The Scripter
PROLOG — Halaman yang Tercoret
“Sebelum segalanya tercipta, pernah ada halaman kosong.
Dan sebelum halaman itu, pernah ada aku.”
— Catatan Tanpa Tanda Tangan
Suara goresan pena terdengar lebih dulu.
Bukan dari atas kertas, tapi dari udara.
Seperti seseorang sedang menulis ulang langit — menghapus awan dengan tinta hitam dan menggambar ulang matahari dengan bulu pena yang gemetar.

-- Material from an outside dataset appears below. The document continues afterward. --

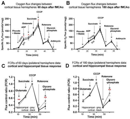 Graphical representations of background-corrected (specific) oxygen flux changes between cortical tissue hemispheres of fMCAo group mice (A) 60 days and (B) 180 days following reperfusion and standardized flux control ratio (FCRs), normalized for maximum flux, of cortical and hippocampal tissue (C) 60 days and (D) 180 days after reperfusion, where solid black lines indicate cortical ipsilateral oxygen flux (A,B) or cortical FCRs (C,D), dotted lines indicate cortical contralateral oxygen flux (A,B), and gray lines indicate hippocampal ipsilateral FCRs (C,D). Analyzed by unpaired t-test, significant changes are denoted by * p < 0.05 vs. fMCAo ipsi cortical tissue and ** p < 0.05 vs. fMCAo ipsi hippocampal tissue. Sample size of cortical tissue measurements: Sham 60 days: n = 10, fMCAo R: 60 days: n = 12, Sham 180 days: n = 9; fMCAo R: 180 days: n = 10. Sample size of hippocampal tissue measurements: Sham 60 days: n = 10, Sham 180 days: n = 10; fMCAo R: 60 days: n = 12, fMCAo R: 180 days: n = 9.

Tinta menetes ke tanah. Tapi tak pernah mengering.
Ia terus bergerak seperti makhluk hidup, menyusuri tanah yang retak, masuk ke celah bangunan roboh, membasahi akar pohon mati yang pernah menyentuh langit.
Dunia ini pernah menjadi karya agung.
Kini yang tersisa hanyalah serpihan logika yang pincang —
Cuaca yang berhenti berubah, waktu yang berulang pada pukul dua dini hari, dan manusia-manusia yang lupa kenapa mereka pernah dilahirkan.
Di tengah reruntuhan itu, seorang anak laki-laki duduk memeluk lututnya.
Putih. Semuanya putih. Rambutnya, bajunya, bahkan kulitnya — seolah dunia menggambarnya dengan spidol yang kehabisan tinta.
Namanya Shiro Kagami.
Meskipun ia sendiri tak yakin apakah itu nama aslinya, atau nama yang ia tulis sendiri untuk tetap bertahan.
Di pangkuannya tergeletak sebuah buku. Tua. Tebal. Kulit hitam arang. Tak ada judul di sampul, hanya sebuah simbol: ∞ — tanda tak berujung.
Dan saat buku itu terbuka sendiri, ia tahu siklus telah dimulai lagi.
“Versi ke-1763. Inisiasi ulang struktur realitas.”
“Titik awal: Kehilangan.”
Shiro menggigit bibirnya. Ia tidak terkejut. Ia hanya… lelah.
Pena muncul di tangannya — entah dari mana. Benda itu ringan, tapi dingin. Terbuat dari tulang seekor ular yang tak bisa mati.
Tinta mulai keluar, bukan dari tabung, tapi dari luka di jarinya sendiri.
Ia menulis.
Satu kalimat.
Satu permulaan.
“Biarkan semuanya dimulai… sekali lagi.”
Dan di kejauhan, seekor ular putih membuka matanya.
Ia tak pernah tidur. Ia hanya menunggu —
untuk memakan dunia yang gagal. Lagi, dan lagi.
Lalu Shiro terbangun.
Tidak ada tempat. Tidak ada waktu. Hanya kekosongan yang membentang seperti halaman kosong.
Ia duduk di kursi kayu goyah, di hadapan meja tua. Buku itu — buku tak berjudul — telah kembali, menunggu untuk dibuka.
Ia mengenalnya. Atau lebih tepatnya, buku itu mengenalnya.
Setiap kali ia membuka halaman pertama, dunia mulai berubah. Tapi hasilnya selalu sama:
Distorsi. Bug. Kehancuran.
Shiro bukan manusia biasa — atau jika pernah, ia sudah lupa rasanya menjadi manusia. Ia kini dikenal sebagai Scripter, penulis dunia. Tapi kuasa itu bukan anugerah.
Itu adalah hukuman.
Tinta di pena mulai menetes lagi — hitam kelam, menyerap cahaya.
Shiro menatap halaman kosong di depannya. Dunia harus ditulis ulang — lagi.
Namun kini, ia mulai curiga.
Mungkin buku ini tidak lagi mencatat kehendaknya.
Mungkin pena ini tidak lagi miliknya.
Dan mungkin, ia bukan penulis cerita ini —
tetapi hanya karakter yang ditulis oleh sesuatu yang lebih besar.
“Apakah aku masih menulis dunia...
atau dunia yang menulisku?”
Ia menarik napas. Meletakkan ujung pena ke kertas.
Sesuatu sedang menunggu. Di balik halaman kosong.